The Kolaw-1 model is not a completely new architecture, but rather an adaptation of the powerful HyperCLOVAX-SEED-Text-Instruct-0.5B base model. Through fine-tuning on a curated dataset of Korean legal texts, it has acquired domain-specific knowledge and stylistic nuances.

Key characteristics of the Kolaw-1 model:

Base Architecture: HyperCLOVAX-SEED-Text-Instruct-0.5B (a causal language model, designed for text generation based on preceding text).
Domain Specialization: Trained on various Korean legal documents (excluding specific types like judgments, administrative decisions, and certain court rulings to focus on general legal text, statutes, interpretations, Q&A, and summaries). This specialization allows for more coherent and contextually appropriate responses in legal contexts compared to a general-purpose LLM.
Parameter-Efficient Fine-Tuning (PEFT): Uses LoRA adapters, which means only a small fraction of the model's parameters were trained. This results in a smaller "adapter" file that can be easily merged with the original base model for inference, or further fine-tuned.
Quantization (QLoRA): The base model was loaded in 4-bit quantization during training, significantly reducing its memory footprint. For inference, it's typically loaded with the same quantization or merged into a full-precision model if resources allow.

This model is ideal for applications requiring an understanding of Korean legal terminology, concepts, and typical legal phrasing.

How to Use the Kolaw-1 Model (Inference)

To use the fine-tuned Kolaw-1 model, you'll need to load the original base model and then integrate the trained LoRA adapters. This process merges the specialized knowledge from the fine-tuning into the base model, preparing it for various NLP tasks.

1. Environment Setup

You can run the inference on Google Colab, a local GPU machine, or any environment with sufficient GPU memory.

Python: 3.9+ recommended

Libraries: Install the necessary libraries using pip.

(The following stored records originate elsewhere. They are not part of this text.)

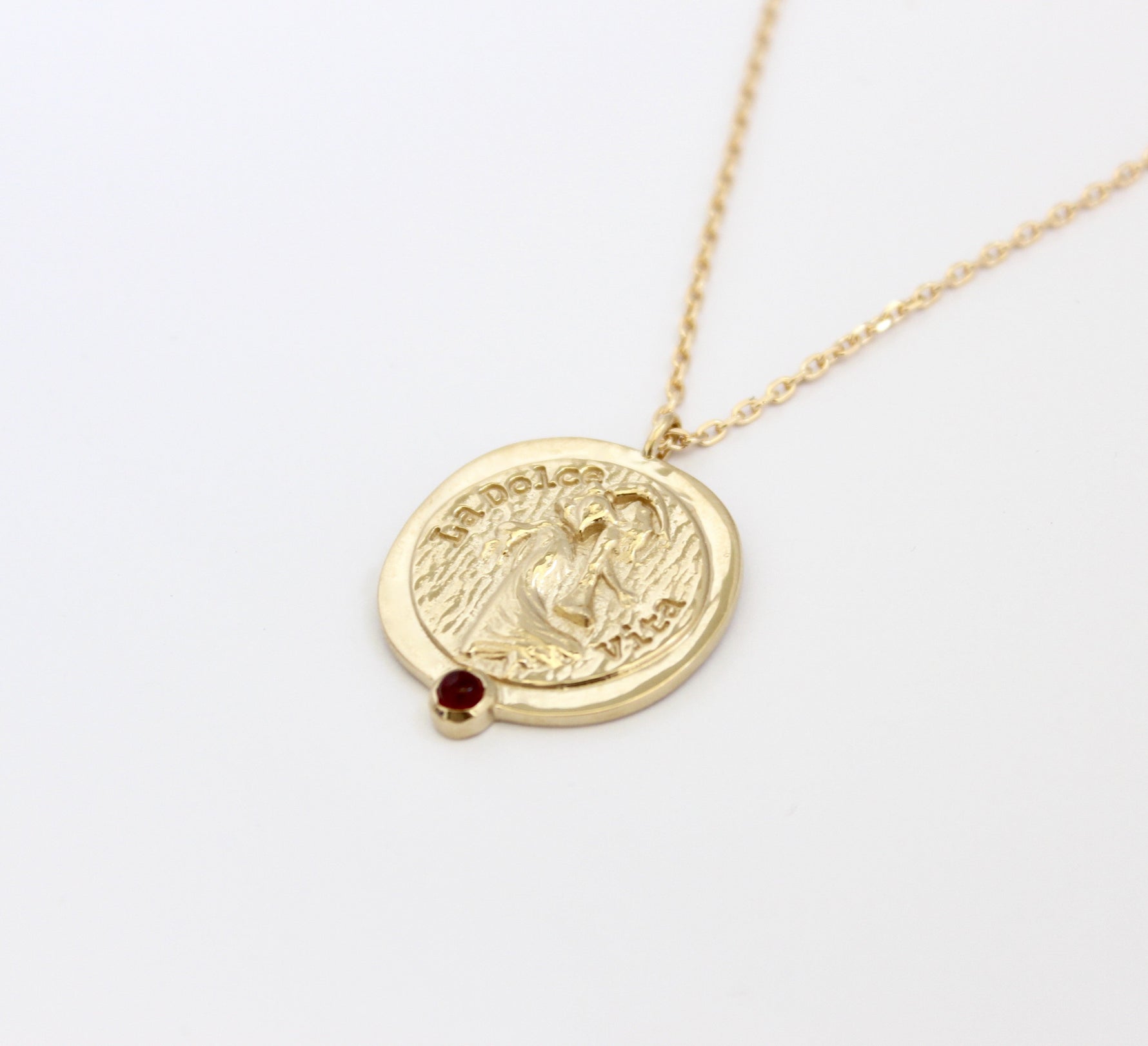 - Pendentif gravé d'une Ménade et de l'inscription "Dolce Vita"
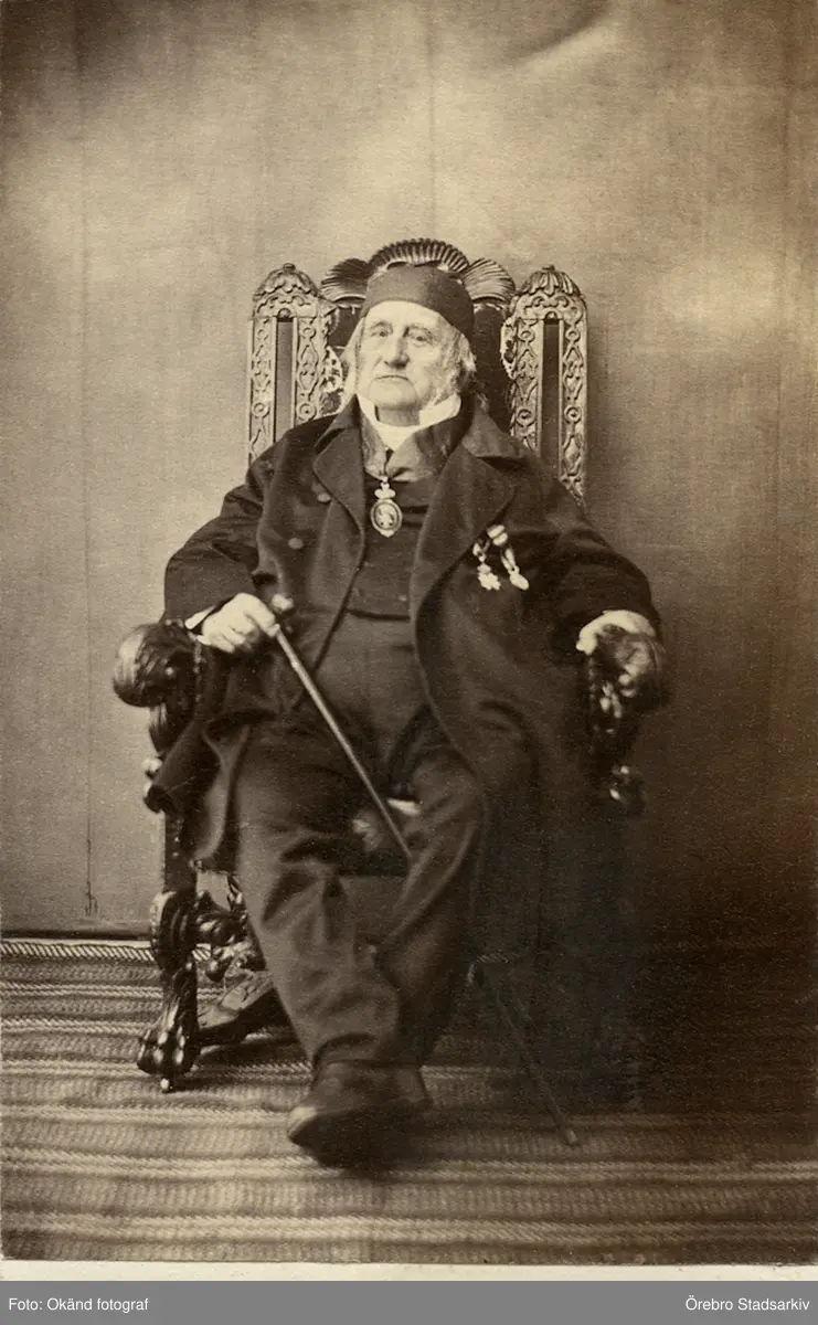 Porträtt av Thure Gyllenkrok sittande i kavaj, fez och käpp, 1862
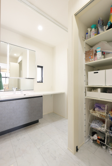 脱衣室をコンパクトにした分、洗面室に収納を確保。家族全員分の着替えや洗面用具のストックはココに。
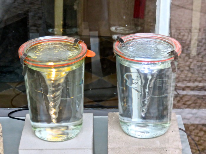 Das war vorgestern ein Hallo! Auf dem Weg zum Hermannplatz kam ich an einem Schaufenster vorbei, in dem zwei kleine Wasserstrudel in Weckgläsern strudelten. Ich konnte es nicht fassen! Waren solche kleinen Wasserstrudel doch eine Lieblingsfantasie meiner Kindheit. Ich stellte mir vor, wie aufsehenerregend solche Objekte im Regal wären. Und welche Freude, dem Wasser (gerne auch beleuchtet) beim Strudeln zuzusehen. Und jetzt gibt es sie tatsächlich! Ich dachte, wie irre es doch ist, dass man es erlebt, eine eigene Fantasie noch verwirklicht zu erleben. Nein, um dieser Frage vorzubeugen, es ist keine Kunst. Es ist das pure Vergnügen.

# Ensure you have torch with CUDA support
pip install torch torchvision torchaudio --index-url [https://download.pytorch.org/whl/cu124](https://download.pytorch.org/whl/cu124) # Adjust cu124 to your CUDA version if different

# Install Hugging Face libraries for model loading and PEFT
pip install transformers peft accelerate bitsandbytes

2. Prepare Your Model Files

Ensure you have the fine-tuned model files from your training process. These would typically be saved in your Google Drive under Kolaw-1/final_model/ (or the last checkpoint-XXXX folder).

Required files from your trained model directory:

adapter_config.json
adapter_model.safetensors
tokenizer.json (or other tokenizer files like tokenizer_config.json, special_tokens_map.json, vocab.json)

Make sure these files are accessible in your environment (e.g., copied to your local machine, or mounted from Google Drive in Colab).

3. Load the Model and Tokenizer for Inference

The most robust way to use the QLoRA-trained model for inference is to load the original base model and then load your PEFT (LoRA) adapters on top of it, finally merging them.

import torch
from transformers import AutoTokenizer, AutoModelForCausalLM, pipeline
from peft import PeftModel

# Define the original base model checkpoint
base_model_checkpoint = "naver-hyperclovax/HyperCLOVAX-SEED-Text-Instruct-0.5B"

# Define the path to your fine-tuned model's directory (where adapter files are saved)
# IMPORTANT: Replace './path/to/your/Kolaw-1_final_model' with the actual path
# If using Colab, this might be '/content/drive/MyDrive/Kolaw-1/final_model'
# or the path to your latest checkpoint folder like '/content/drive/MyDrive/Kolaw-1/checkpoint-1500'
fine_tuned_model_path = "./path/to/your/Kolaw-1_final_model"

# Determine compute dtype (important for consistent behavior with training)
# Use bfloat16 if GPU supports it (NVIDIA Ampere architecture or newer)
compute_dtype = torch.bfloat16 if torch.cuda.is_available() and torch.cuda.get_device_capability()[0] >= 8 else torch.float16
print(f"Using compute_dtype: {compute_dtype}")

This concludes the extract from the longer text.